Low swing buses transmit the same information but at a lower voltage [17] . Traditionally, logic one is represented by +5 volts and logic zero is represented by −5 volts. However, in a low-swing system, logic one and zero are encoded using lower voltages, such as +300mV and −300mV. The input signal is split into two signals of opposite polarity bounded by a smaller voltage range. The receiver sees the difference between the two transmitted signals as the actual signal and amplifies it back to normal voltage. This system has several advantages in addition to reduced power consumption. It is immune to crosstalk and electromagnetic radiation effects. Since the two transmitted signals are close together, any spurious activity will affect both equally without affecting the difference between them. However, the costs of increased hardware at the encoder and decoder should be considered. These buses decrease power from 62-78% with approximately 45% performance overhead.

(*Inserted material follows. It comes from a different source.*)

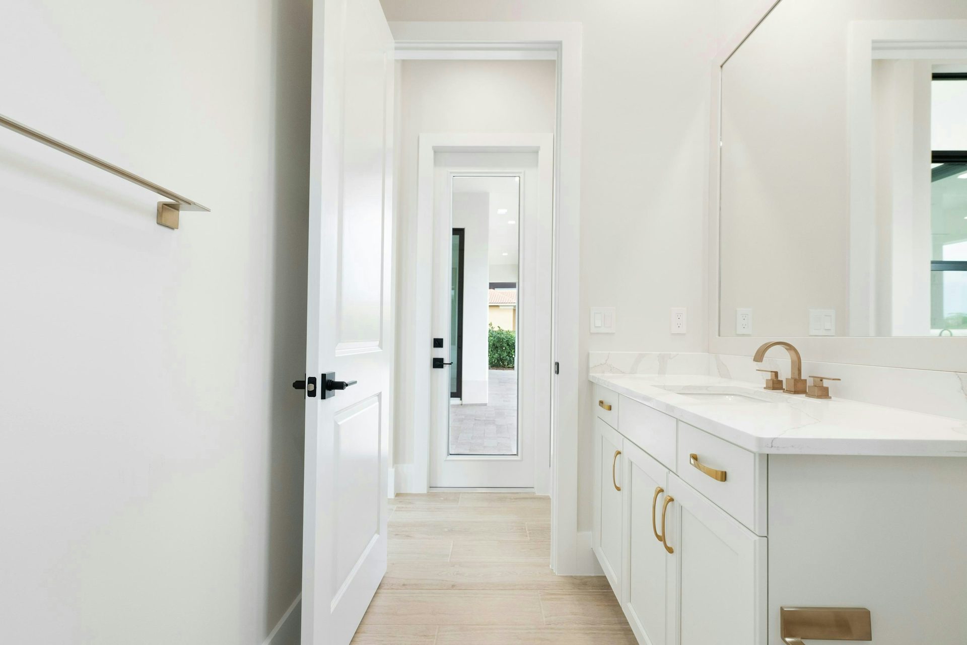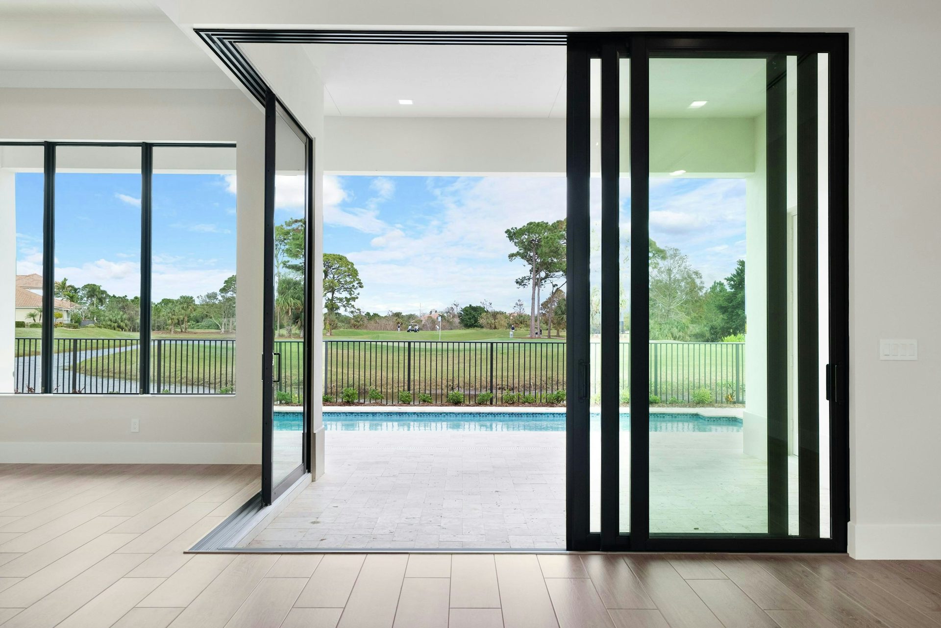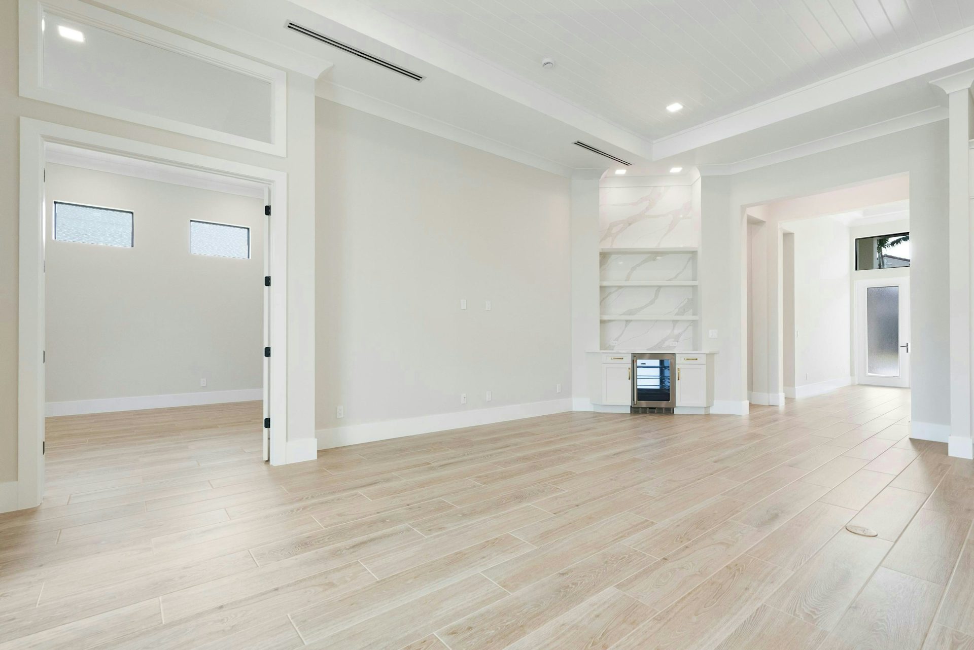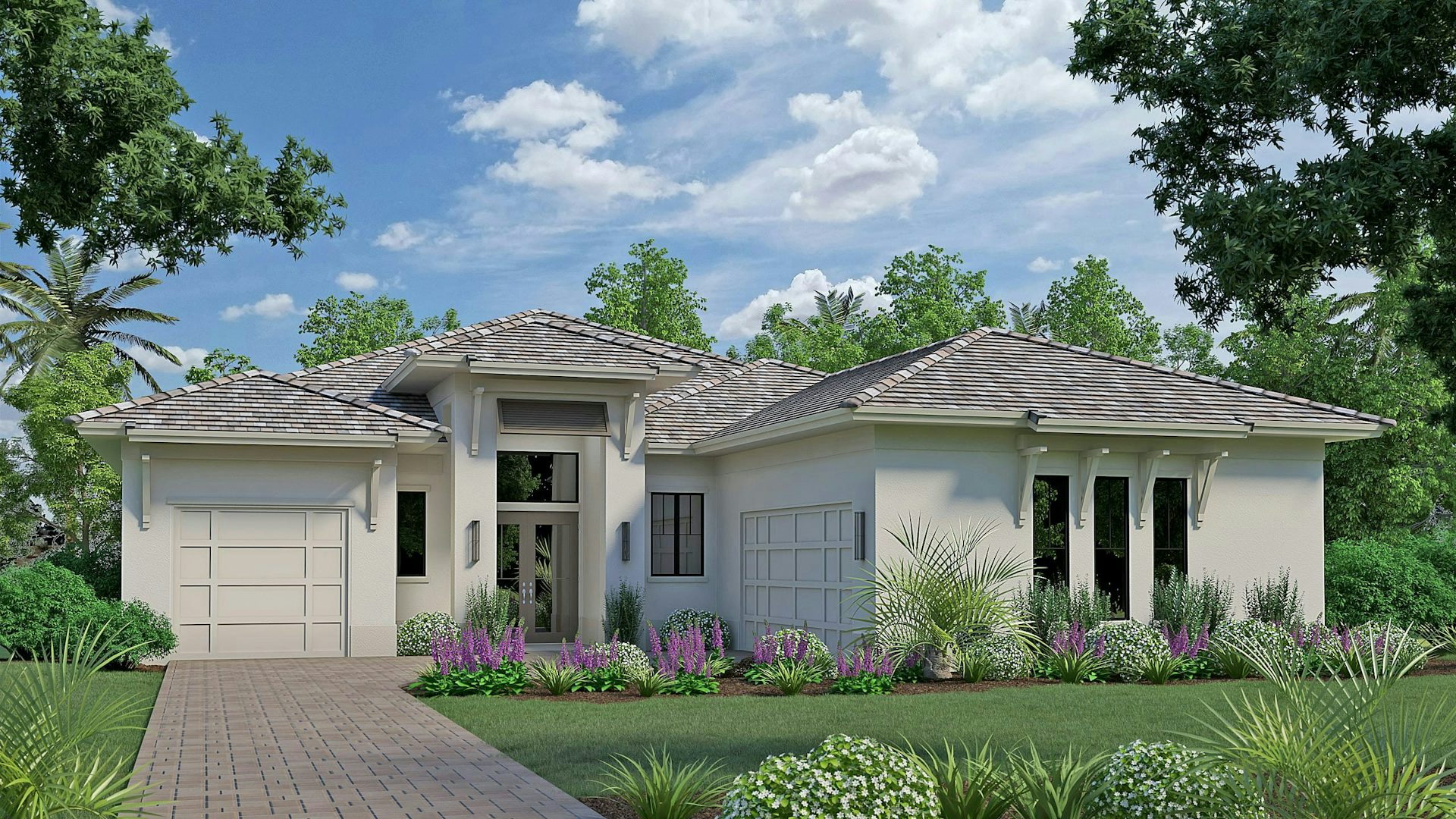 The master suite offers a private sanctuary featuring a private hallway leading to the bedroom, a morning bar, and tray ceiling are thoughtful touches along with a triple slider allowing natural light. The master bath is a retreat with split vanities, a walk-in shower, and two walk-in closets, adding to the elegant feel. The secondary bedrooms are located at the front of the home, each with a sperate bath ensuring privacy for family and guests. The split 3-car garage offers space and storage for vehicles and a golf cart, the 2-car garage is complete with built-in overhead storage.

As mentioned above, another source of power consumption in interconnects is crosstalk, which is false activity caused by activity in neighboring wires. One way of reducing crosstalk is to insert a shield wire between adjacent bus wires [18] . Since the shield remains deasserted, no adjacent wires switch in opposite directions, however, this solution doubles the number of wires. Another alternative is using coding systems which are resistant to crosstalk such as self-shielding codes [19, 20] . Just like traditional bus encoding system, a value is encoded and then transmitted. However, this system avoids opposing transitions on adjacent bus wires.
Bus segmentation is another effective technique for interconnect power reduction. In a traditional shared bus architecture, the entire bus is charged and discharged upon every access. Segmentation splits a bus into multiple segments connected by links that regulate the traffic between adjacent segments. Links connecting paths essential to a communication are activated independently, allowing most of the bus to remain powered down. Ideally, devices communicating frequently should be in the same or nearby segments to avoid powering many links. There are different algorithms for partitioning a bus into segments to benefit from this property as much as possible [21] . This technique achieves 24.6-37.21% power reduction with 6% area overhead.

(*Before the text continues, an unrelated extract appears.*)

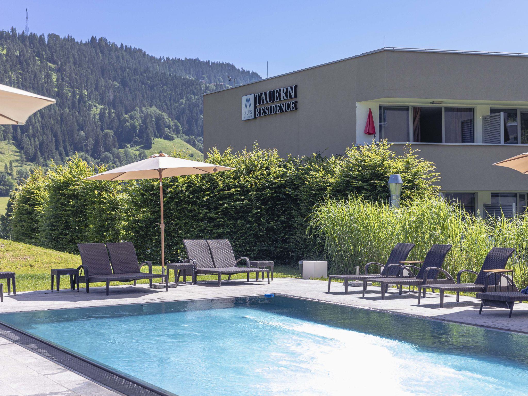 Radstadt: Modern resort "Tauernresidence by Alps Resorts". 5 km from the centre, in a quiet, sunny position, 1.7 km from the skiing area, in the countryside. For shared use: swimming pool (seasonal availability: 13.May. and 11.Sep.). In the house: sauna, fitness room, steam room, infrared sauna, spa area for shared use, central heating system. Parking at the house. E-charging station. Supermarket 500 m, restaurant 500 m, outdoor swimming pool 3.3 km, thermal baths "Therme Amadé" 6 km. Golf course (18 hole) 50 m, skisport facilities 1.7 km. Nearby attractions: Dachstein 30 km, Salzbergwerk 58 km, Hallstatt 63 km, Lichtensteinklamm 25 km, Stadt Salzburg 70 km, Eisriesenwelt 35 km. Well-known ski regions can easily be reached: Skischaukel Radstadt Altenmarkt 1.7 km. Hiking paths: Fageralm 2 km. The photo is just an example.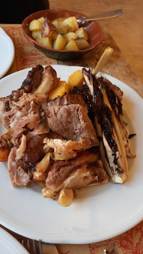 Read moreUna bella Trattoria molto accogliente, personale molto cordiale e disponibile, però io che ero proprio vicino allo spiedo mi sono accorto che nelle spade del spiedo cerano due o tre spade con un pezzo di costina e in pezzo di pollo, infine la costina era stracotta, invece il pollo era come se fosse lessato, difatti le persone che erano nella nostra tavola tutti non anno gradito la cottura del pollo, difatti io hò visto da lontano che il pollo non andava bene, per cucinare il pollo allo Spiedo bisogna fare una spada solo di pollo e farla partire almeno 1,5 ore prima, perché la cottura del pollo è molto più lunga del maiale, visto che anchio faccio gli spiedi da molti anni, anche con 500/700 persone e non si può sbagliare, se fossi voi quando portate la prima portata di carne sarebbe opportuno arrivare subito con i contorni e anche la seconda volta, il mio è solo un semplice spiegazione delle altre persone che erano nella nostra tavola, vi ringrazio, il vino rosso si potrebbe migliorare di molto, il bianco và bene,...

Another solution to reduce power in interconnects is to reduce total capacitance, which is the principal behind adiabatic circuits [22] . These circuits reuse existing electrical charge to avoid creating new charge. In a traditional bus, when a wire becomes deasserted, its previous charge is wasted. A charge-recovery bus recycles the charge for wires about to be asserted. The saved power depends on transition patterns. No energy is saved when all lines rise. The most energy is saved when an equal number of lines rise and fall simultaneously. The biggest drawback of adiabatic circuits is the delay for transferring shared charge. This technique can achieve 28% power reduction.
ADAPTIVE VOLTAGE SCALING
With the on going scaling of CMOS technologies, variations in process, supply voltage, and temperature (PVT) have become serious concern in integrated circuit design. Depending on their spatial correlation, process variations can be divided into three groups. Die-to-die (D2D) variations have a correlation distance larger than the die size, i.e., all transistors on a chip are affected the same way. Withindie (WID) variations have a correlation distance smaller than the chip size. Random variations are not correlated at all; every transistor is affected individually. Environmental variations such as power supply noise and crosstalk have also gained significance with increasing current densities and reduced geometric dimensions [32] . Therefore, an individual safety margin for each variation source is added on the top of supply voltage needed for the nominal case as depicted in Fig. 5 . However, this classical worst-case analysis is quite pessimistic and leads to power and performance be wasted. To overcome this problem, various adaptive design strategies have been proposed. The basic idea is to adapt the supply voltage to the optimal value, based on the current operation conditions of the system so that power is saved; variations are compensated, while maintaining the desired performance.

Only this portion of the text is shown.